# WORK TO COMPLETE:
All of the records below are to be output exactly; no image belongs in the result.

# MATERIAL SHOWN:
○ ○ ○ ○

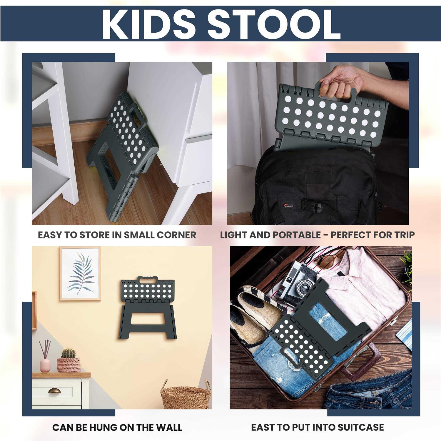 This highly durable foldable stool is made for kids and can hold up to 300 pounds. The dimensions of the foldable stool is 29 x 22 x 22cm The stool is really easy to carry around using the handle which is also highly durable This stool gives your children and you the extra height that you need, whenever you need it This highly durable foldable stool is made for kids only and can hold up to 300 pounds The stool is really easy to carry around using the handle which is also highly durable This stool gives your children and you the extra height that you need, whenever you need it Color : Blue Size : 11 (L) x 9 (W) x 9 (H) This highly durable foldable stool is made for kids and can hold up to 300 pounds. SPACE EFFICIENT The stool is really easy to carry around using the handle which is also highly durable RIGHT ELEVATION This stool gives your child the extra height whenever required ANTI-SKID FOOT PAD”
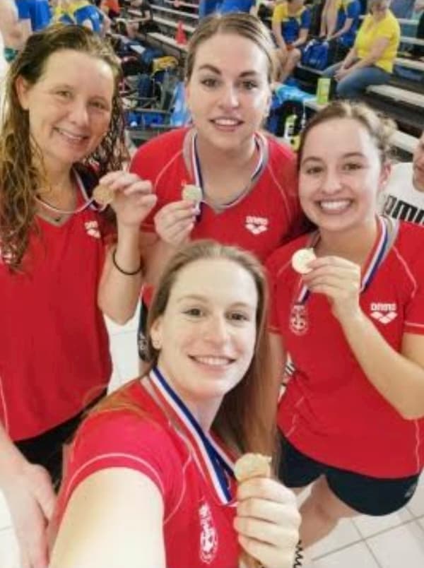 Mocht ik er tijd voor hebben dan train ik in het weekend bij mijn thuisclub msv Zeemacht Den Helder. Onlangs had ik met Zeemacht het ONMK (Open Nederlands Master Kampioenschappen). Drie dagen achter elkaar had ik afstanden gezwommen, vele individuele afstanden maar ook estafettes. Met de dames van Zeemacht hebben wij vier estafettes gezwommen met twee gouden medailles als resultaat op de 4 x 50 vrije slag en de 4 x 200 vrije slag. Dit was een erg gave wedstrijd om mee te maken.
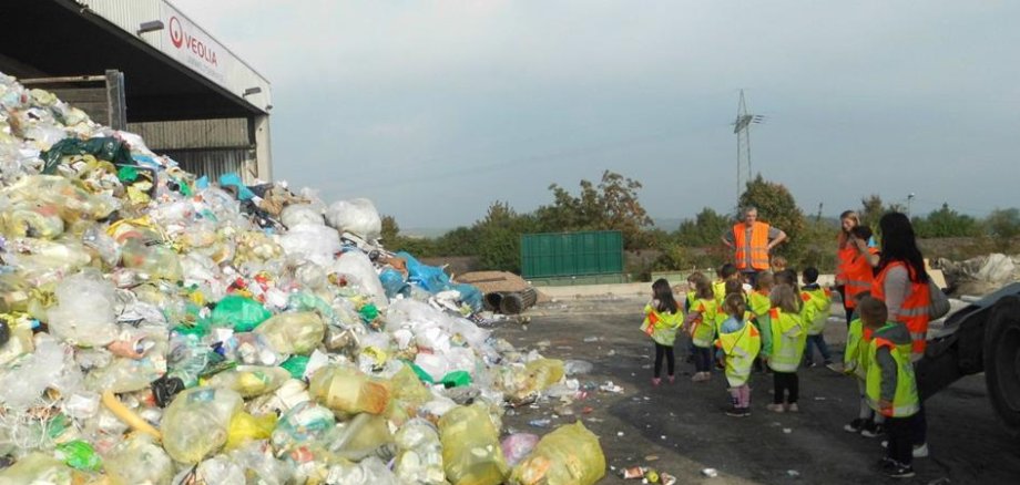 Daraus entwickelte sich ein ganzes Projekt, dessen Höhepunkt der Besuch des Abfallunternehmens Veolia war. Die Kinder waren beeindruckt von den riesigen Müllbergen und von den Fahrzeugen, die diese sortieren. Abschließend legten die Erzieherinnen mit den Kindern in der Kita einen „Müllfriedhof“ an. Der Müll kann von Zeit zu Zeit ausgebuddelt werden. So werden die Kinder immer daran erinnert, wie lange die Natur braucht, Plastik zu zersetzen.
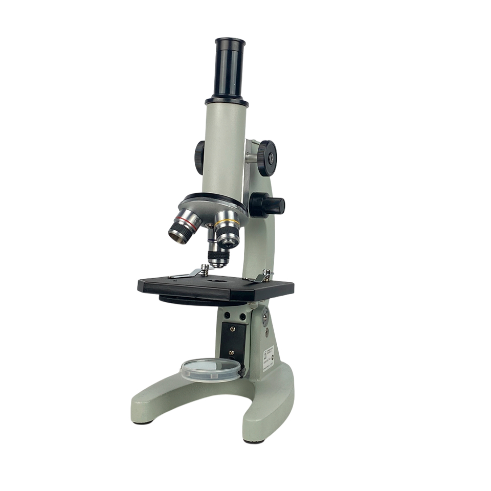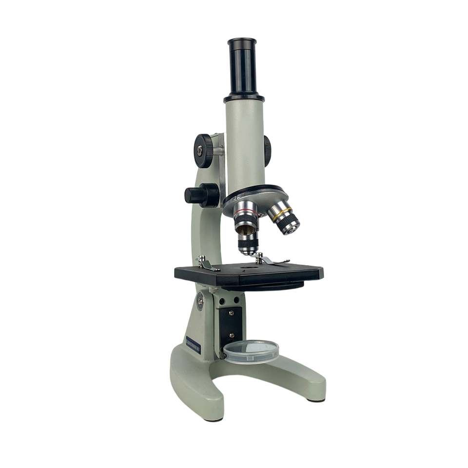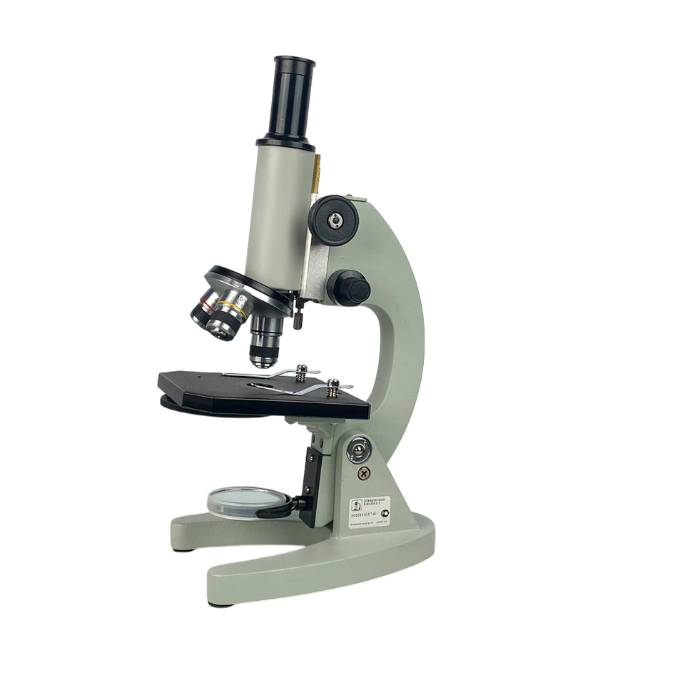 Микроскоп оснащён монокулярной насадкой с выдвижным тубусом, трёхгнездной револьверной головкой и ахроматическими объективами. Источник света — зеркало, что позволяет использовать прибор без подключения к электросети.
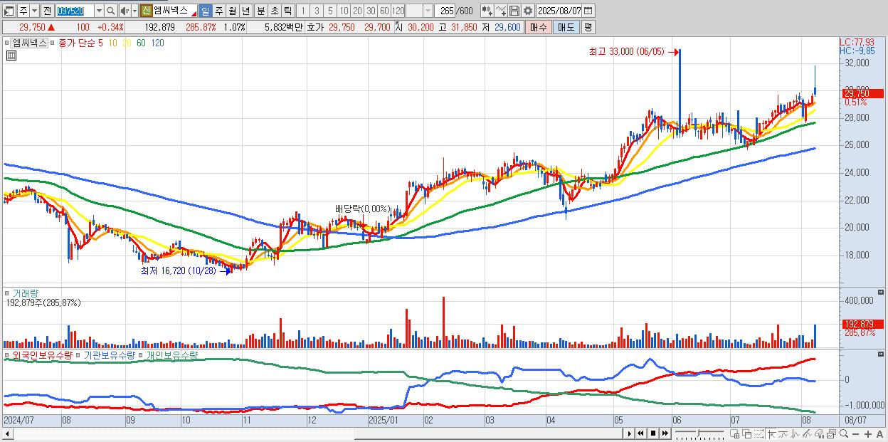 엠씨넥스 29,950원 ▲ 1.01% (KOSPI, 097520)
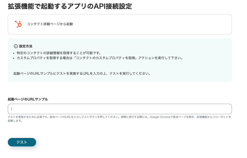 「起動ページのURLサンプル」に、テスト用のコンタクトページを入力してください。
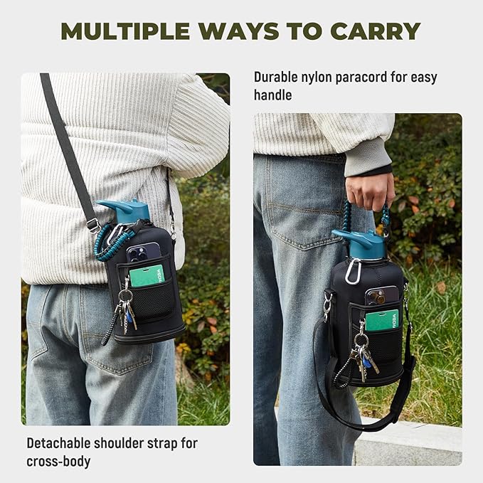 • What You'll Get: Buy a half gallon insulated water bottle, get 9 accessories (Carrying Pouch, Straw Lid with 2 Straws & Straw Brush, Spout Lid, Paracord Handle, Bottle Brush). We offer Continuous After-sales Service and 100% customer satisfaction against any leakage or insulation failure
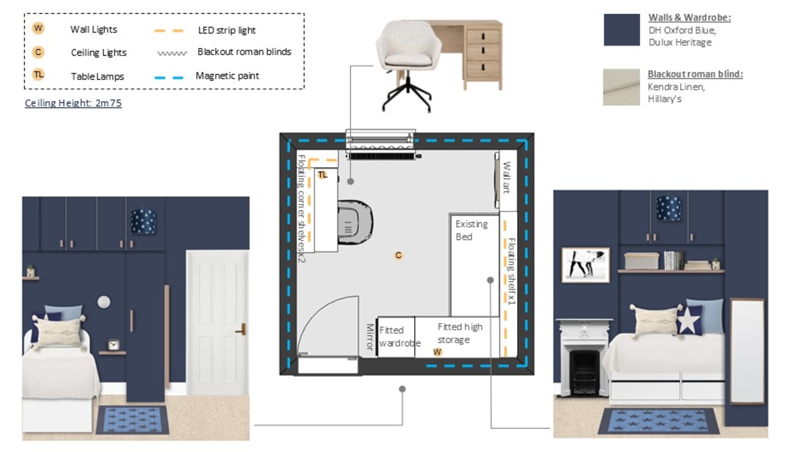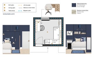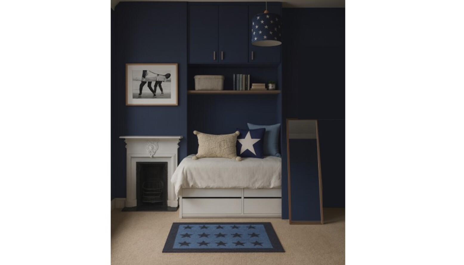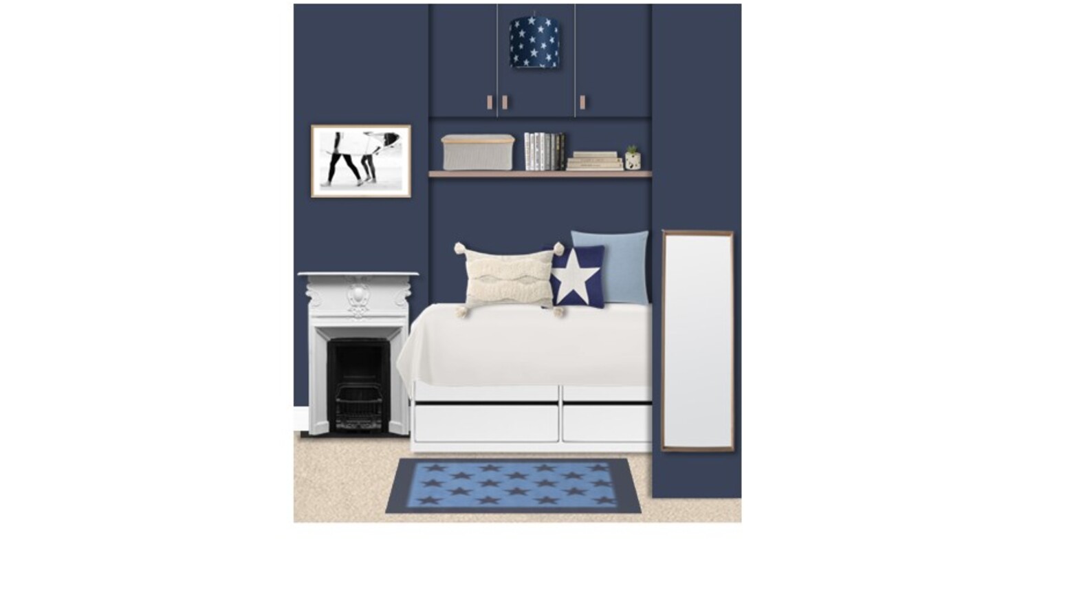 This cozy bedroom features a deep navy blue accent wall that creates a bold yet calming atmosphere. The wall-mounted joinery encompasses a sleek single-door wardrobe, complementing the modern design with its clean lines and gold fixtures. Above the bed, additional cabinetry provides ample storage while maintaining a streamlined look. The bed is adorned with crisp white bedding, accented by a mix of blue cushions, including a star-patterned throw pillow that ties into the room’s theme. A plush area rug in a lighter shade of blue adds warmth underfoot, creating a comfortable space to relax. Strategically placed wall lighting illuminates the room, with a dimmable wall light next to the bed and a stylish, patterned ceiling light adding an artistic flair. A compact bedside shelf showcases a modern clock and small decorative elements. In the corner, a swivel chair offers a perfect spot for reading or working, paired with a chic desk and wall-mounted shelving that provides both functionality and display space for art and personal items. The overall aesthetic is cohesive, combining modern elements with a hint of playful charm, making it a delightful retreat.
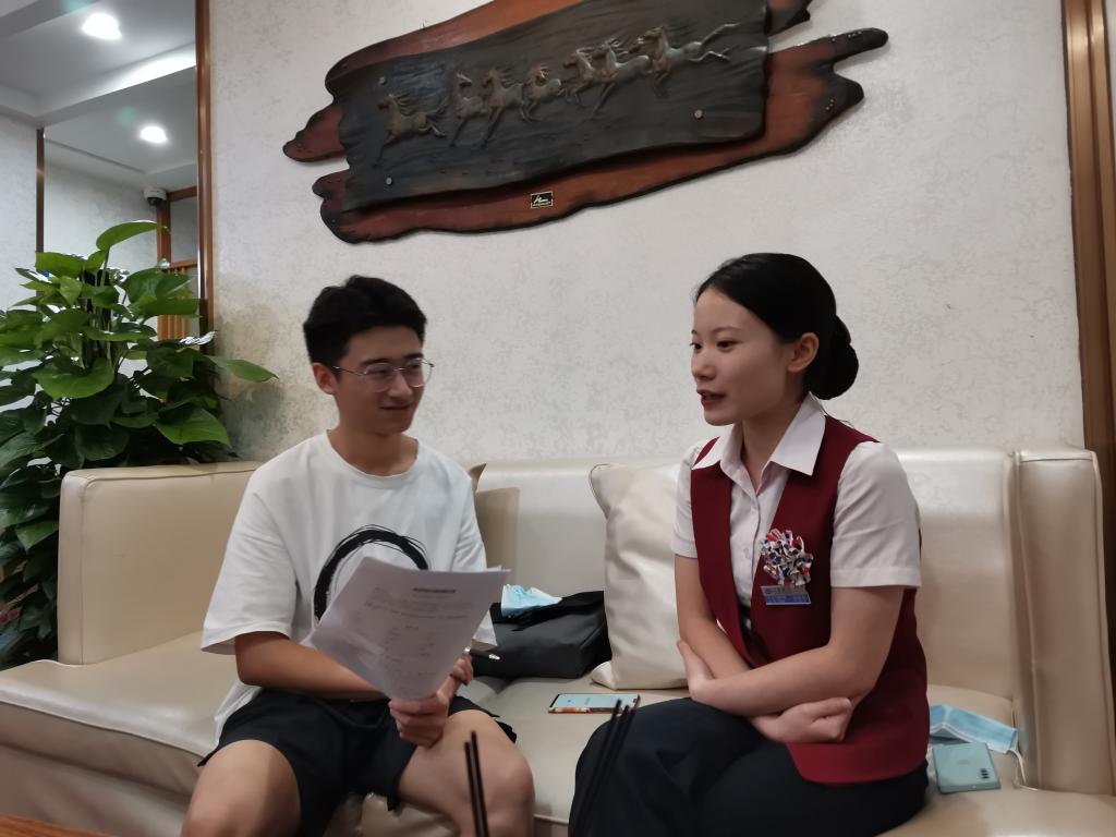 2021年8月30日下午,澳门信誉最好十大平台党委书记、副院长王建明、金融工程系主任张永鹏及就业联络员兰丽娟带领实践团队赴兴业银行重庆分行洋河路支行开展“小我融入大我 青春献给祖国”专项调查社会实践活动。兴业银行重庆分行洋河路支行行长沈兴梅对实践团的到来表示热烈欢迎,并给予大力支持。
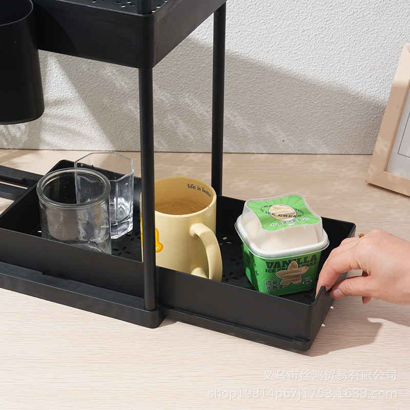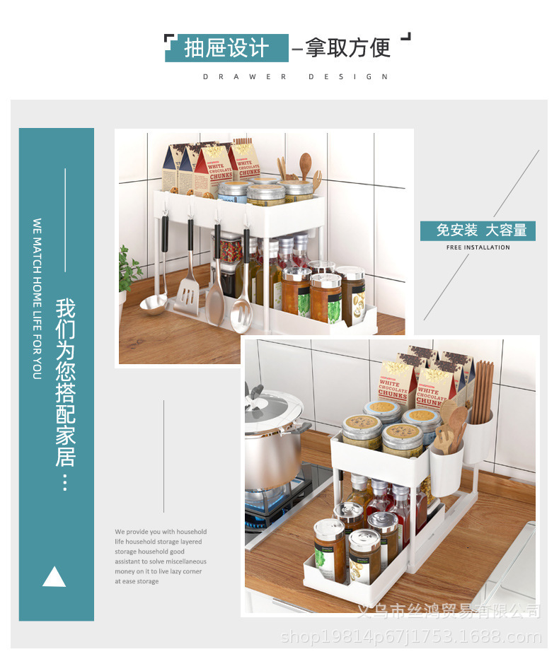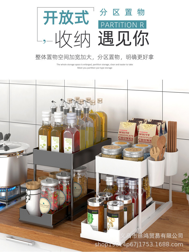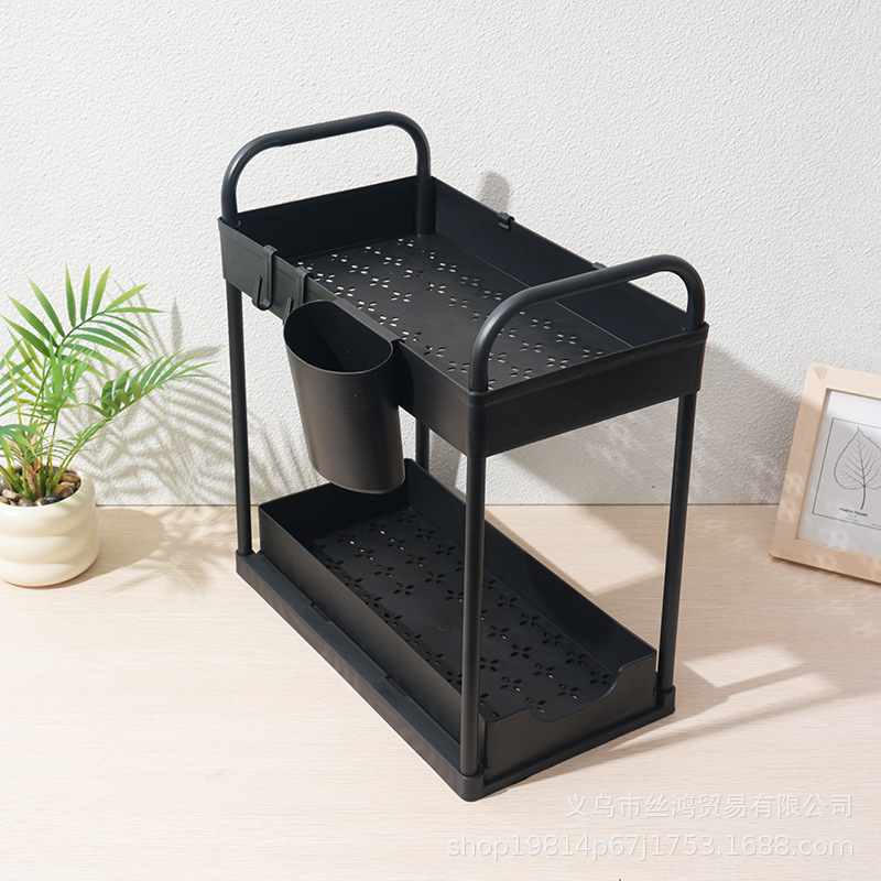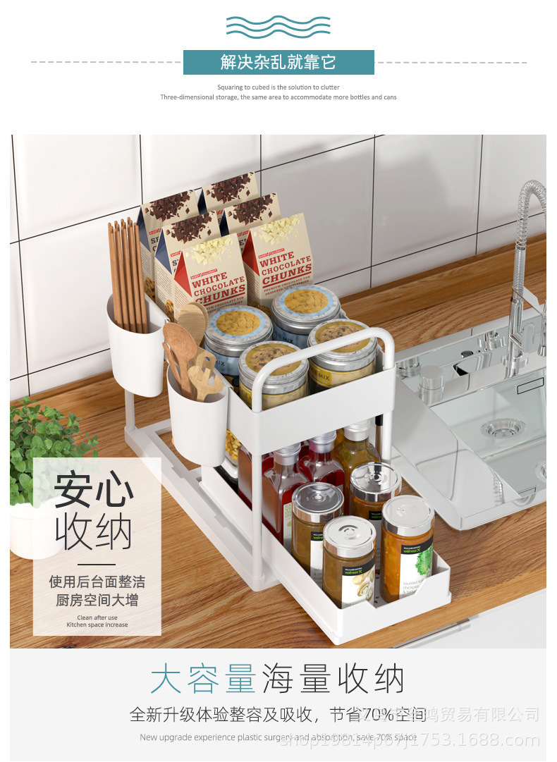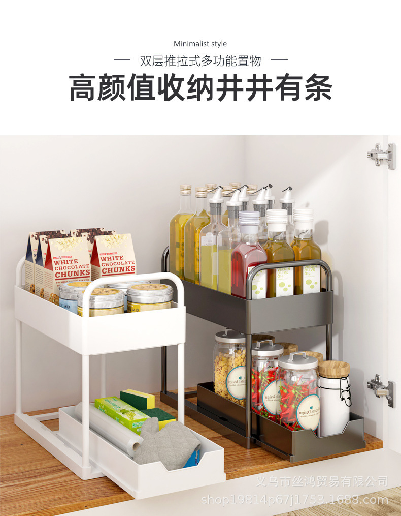 아마존 싱크 스토리지 랙 다기능 더블 레이어 팔걸이 주방 스토리지 랙 풀아웃 욕실 스토리지 랙스토어 가기

○ ○ ○ ○

# SOLUTION FOR THIS PROBLEM:
 This highly durable foldable stool is made for kids and can hold up to 300 pounds. The dimensions of the foldable stool is 29 x 22 x 22cm The stool is really easy to carry around using the handle which is also highly durable This stool gives your children and you the extra height that you need, whenever you need it This highly durable foldable stool is made for kids only and can hold up to 300 pounds The stool is really easy to carry around using the handle which is also highly durable This stool gives your children and you the extra height that you need, whenever you need it Color : Blue Size : 11 (L) x 9 (W) x 9 (H) This highly durable foldable stool is made for kids and can hold up to 300 pounds. SPACE EFFICIENT The stool is really easy to carry around using the handle which is also highly durable RIGHT ELEVATION This stool gives your child the extra height whenever required ANTI-SKID FOOT PAD”
 Mocht ik er tijd voor hebben dan train ik in het weekend bij mijn thuisclub msv Zeemacht Den Helder. Onlangs had ik met Zeemacht het ONMK (Open Nederlands Master Kampioenschappen). Drie dagen achter elkaar had ik afstanden gezwommen, vele individuele afstanden maar ook estafettes. Met de dames van Zeemacht hebben wij vier estafettes gezwommen met twee gouden medailles als resultaat op de 4 x 50 vrije slag en de 4 x 200 vrije slag. Dit was een erg gave wedstrijd om mee te maken.
 Daraus entwickelte sich ein ganzes Projekt, dessen Höhepunkt der Besuch des Abfallunternehmens Veolia war. Die Kinder waren beeindruckt von den riesigen Müllbergen und von den Fahrzeugen, die diese sortieren. Abschließend legten die Erzieherinnen mit den Kindern in der Kita einen „Müllfriedhof“ an. Der Müll kann von Zeit zu Zeit ausgebuddelt werden. So werden die Kinder immer daran erinnert, wie lange die Natur braucht, Plastik zu zersetzen.
 Микроскоп оснащён монокулярной насадкой с выдвижным тубусом, трёхгнездной револьверной головкой и ахроматическими объективами. Источник света — зеркало, что позволяет использовать прибор без подключения к электросети.
 엠씨넥스 29,950원 ▲ 1.01% (KOSPI, 097520)
 「起動ページのURLサンプル」に、テスト用のコンタクトページを入力してください。
 • What You'll Get: Buy a half gallon insulated water bottle, get 9 accessories (Carrying Pouch, Straw Lid with 2 Straws & Straw Brush, Spout Lid, Paracord Handle, Bottle Brush). We offer Continuous After-sales Service and 100% customer satisfaction against any leakage or insulation failure
 This cozy bedroom features a deep navy blue accent wall that creates a bold yet calming atmosphere. The wall-mounted joinery encompasses a sleek single-door wardrobe, complementing the modern design with its clean lines and gold fixtures. Above the bed, additional cabinetry provides ample storage while maintaining a streamlined look. The bed is adorned with crisp white bedding, accented by a mix of blue cushions, including a star-patterned throw pillow that ties into the room’s theme. A plush area rug in a lighter shade of blue adds warmth underfoot, creating a comfortable space to relax. Strategically placed wall lighting illuminates the room, with a dimmable wall light next to the bed and a stylish, patterned ceiling light adding an artistic flair. A compact bedside shelf showcases a modern clock and small decorative elements. In the corner, a swivel chair offers a perfect spot for reading or working, paired with a chic desk and wall-mounted shelving that provides both functionality and display space for art and personal items. The overall aesthetic is cohesive, combining modern elements with a hint of playful charm, making it a delightful retreat.
 2021年8月30日下午,澳门信誉最好十大平台党委书记、副院长王建明、金融工程系主任张永鹏及就业联络员兰丽娟带领实践团队赴兴业银行重庆分行洋河路支行开展“小我融入大我 青春献给祖国”专项调查社会实践活动。兴业银行重庆分行洋河路支行行长沈兴梅对实践团的到来表示热烈欢迎,并给予大力支持。
 아마존 싱크 스토리지 랙 다기능 더블 레이어 팔걸이 주방 스토리지 랙 풀아웃 욕실 스토리지 랙스토어 가기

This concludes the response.